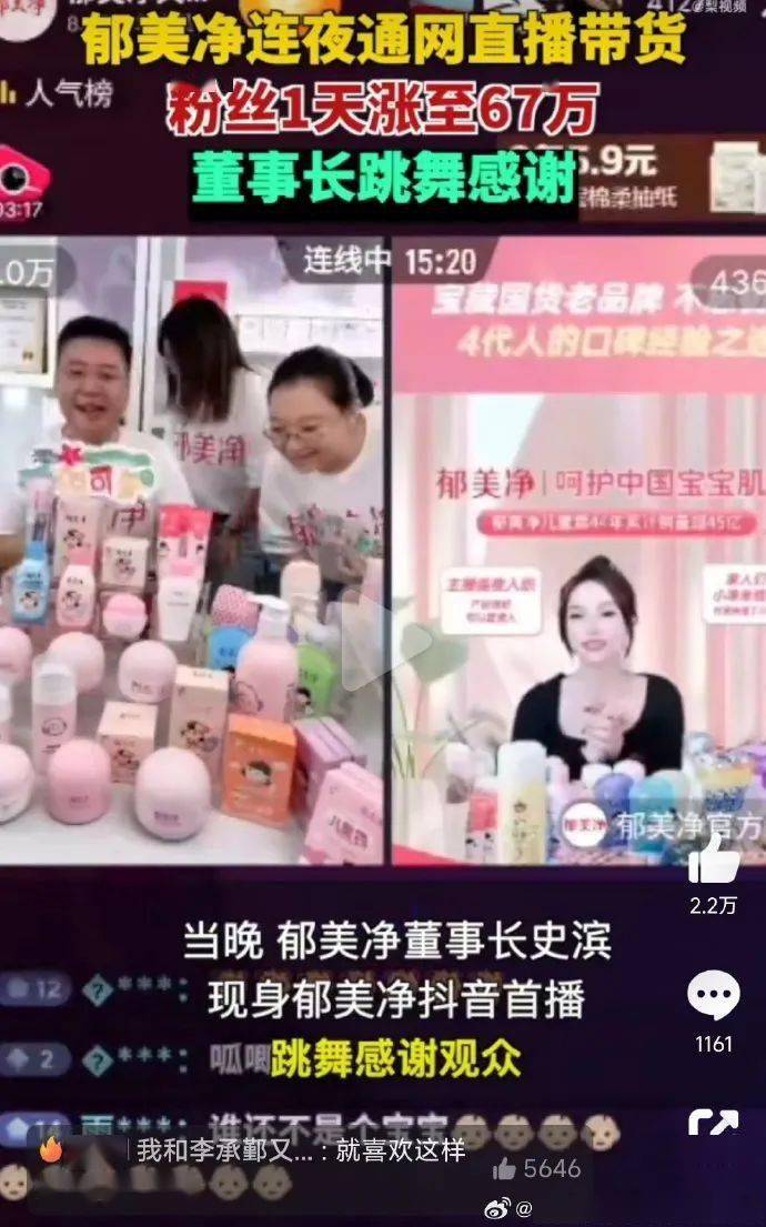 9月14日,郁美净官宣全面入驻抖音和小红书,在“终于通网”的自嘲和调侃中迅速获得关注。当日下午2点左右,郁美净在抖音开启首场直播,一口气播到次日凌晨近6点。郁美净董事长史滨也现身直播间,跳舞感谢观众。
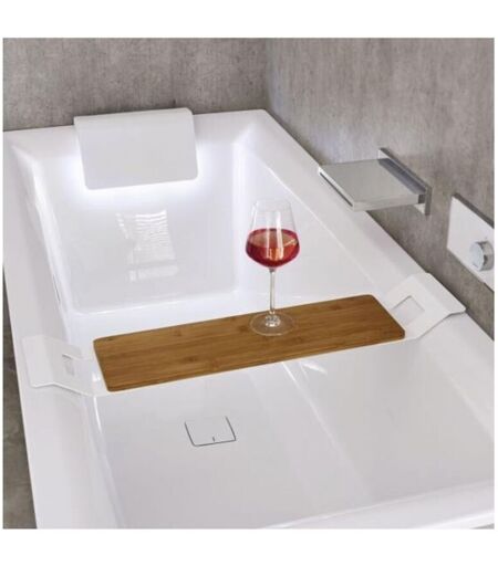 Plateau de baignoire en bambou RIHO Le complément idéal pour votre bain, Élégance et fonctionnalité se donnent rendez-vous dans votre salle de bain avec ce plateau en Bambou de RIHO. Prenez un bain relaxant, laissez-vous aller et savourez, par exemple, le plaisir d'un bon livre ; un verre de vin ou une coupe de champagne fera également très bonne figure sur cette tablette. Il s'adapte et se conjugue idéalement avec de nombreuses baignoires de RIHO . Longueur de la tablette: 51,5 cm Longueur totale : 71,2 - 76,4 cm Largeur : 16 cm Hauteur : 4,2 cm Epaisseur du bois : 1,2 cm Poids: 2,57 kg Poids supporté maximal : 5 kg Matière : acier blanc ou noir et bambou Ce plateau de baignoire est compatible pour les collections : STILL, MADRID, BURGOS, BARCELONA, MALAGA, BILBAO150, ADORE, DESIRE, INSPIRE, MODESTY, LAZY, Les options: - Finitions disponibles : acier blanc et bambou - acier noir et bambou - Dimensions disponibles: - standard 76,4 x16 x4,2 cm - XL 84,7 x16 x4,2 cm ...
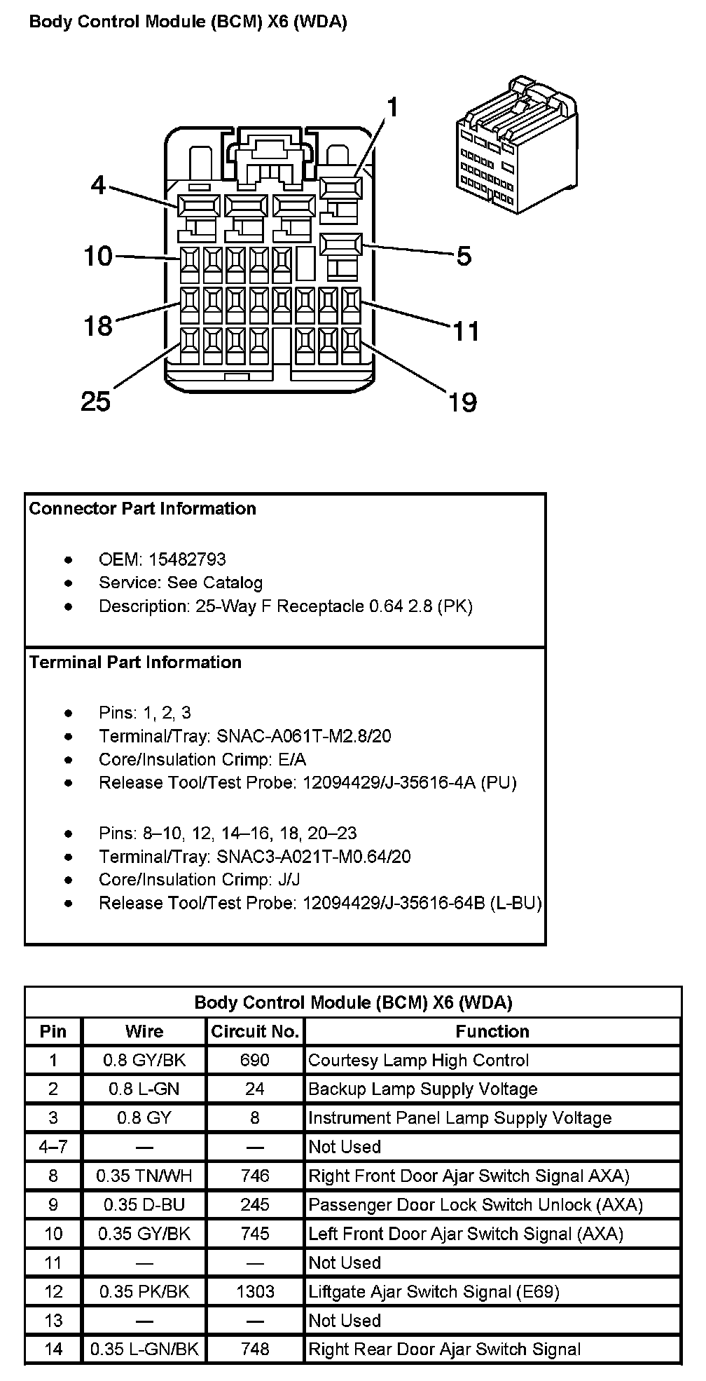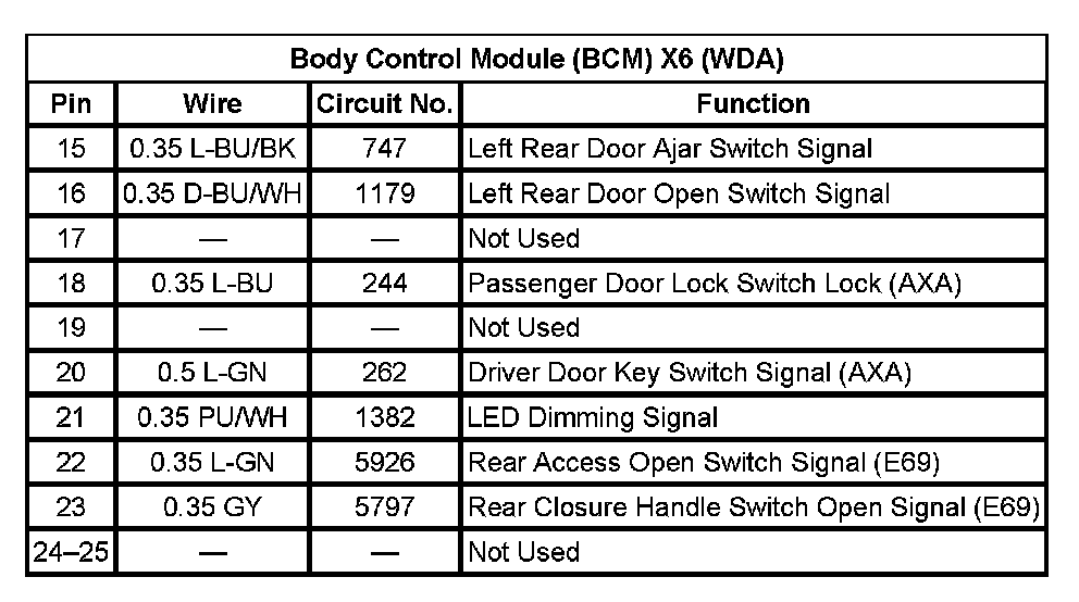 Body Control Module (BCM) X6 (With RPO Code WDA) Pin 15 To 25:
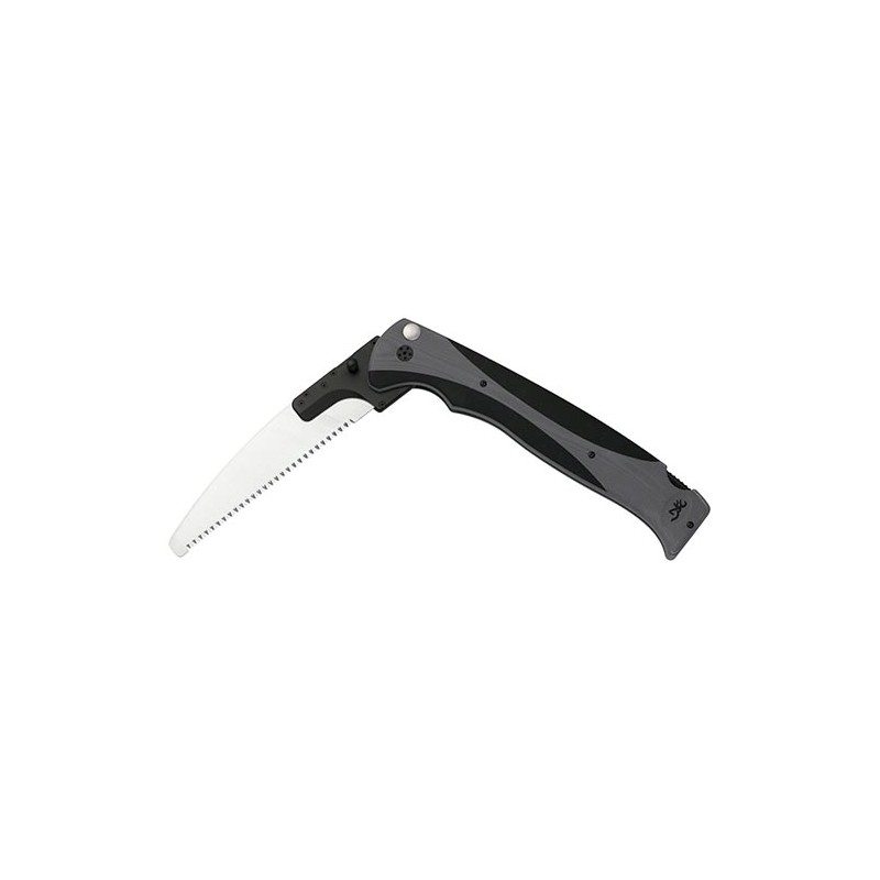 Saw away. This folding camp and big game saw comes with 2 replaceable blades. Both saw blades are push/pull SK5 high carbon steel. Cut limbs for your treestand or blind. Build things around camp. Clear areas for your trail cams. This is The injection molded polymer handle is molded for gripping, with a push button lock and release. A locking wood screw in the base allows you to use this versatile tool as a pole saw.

# WHAT TO WORK ON
Write out every line above exactly as it is, leaving out the pictures.

# ANSWER AREA
 9月14日,郁美净官宣全面入驻抖音和小红书,在“终于通网”的自嘲和调侃中迅速获得关注。当日下午2点左右,郁美净在抖音开启首场直播,一口气播到次日凌晨近6点。郁美净董事长史滨也现身直播间,跳舞感谢观众。
 Plateau de baignoire en bambou RIHO Le complément idéal pour votre bain, Élégance et fonctionnalité se donnent rendez-vous dans votre salle de bain avec ce plateau en Bambou de RIHO. Prenez un bain relaxant, laissez-vous aller et savourez, par exemple, le plaisir d'un bon livre ; un verre de vin ou une coupe de champagne fera également très bonne figure sur cette tablette. Il s'adapte et se conjugue idéalement avec de nombreuses baignoires de RIHO . Longueur de la tablette: 51,5 cm Longueur totale : 71,2 - 76,4 cm Largeur : 16 cm Hauteur : 4,2 cm Epaisseur du bois : 1,2 cm Poids: 2,57 kg Poids supporté maximal : 5 kg Matière : acier blanc ou noir et bambou Ce plateau de baignoire est compatible pour les collections : STILL, MADRID, BURGOS, BARCELONA, MALAGA, BILBAO150, ADORE, DESIRE, INSPIRE, MODESTY, LAZY, Les options: - Finitions disponibles : acier blanc et bambou - acier noir et bambou - Dimensions disponibles: - standard 76,4 x16 x4,2 cm - XL 84,7 x16 x4,2 cm ...
 Body Control Module (BCM) X6 (With RPO Code WDA) Pin 15 To 25:
 Saw away. This folding camp and big game saw comes with 2 replaceable blades. Both saw blades are push/pull SK5 high carbon steel. Cut limbs for your treestand or blind. Build things around camp. Clear areas for your trail cams. This is The injection molded polymer handle is molded for gripping, with a push button lock and release. A locking wood screw in the base allows you to use this versatile tool as a pole saw.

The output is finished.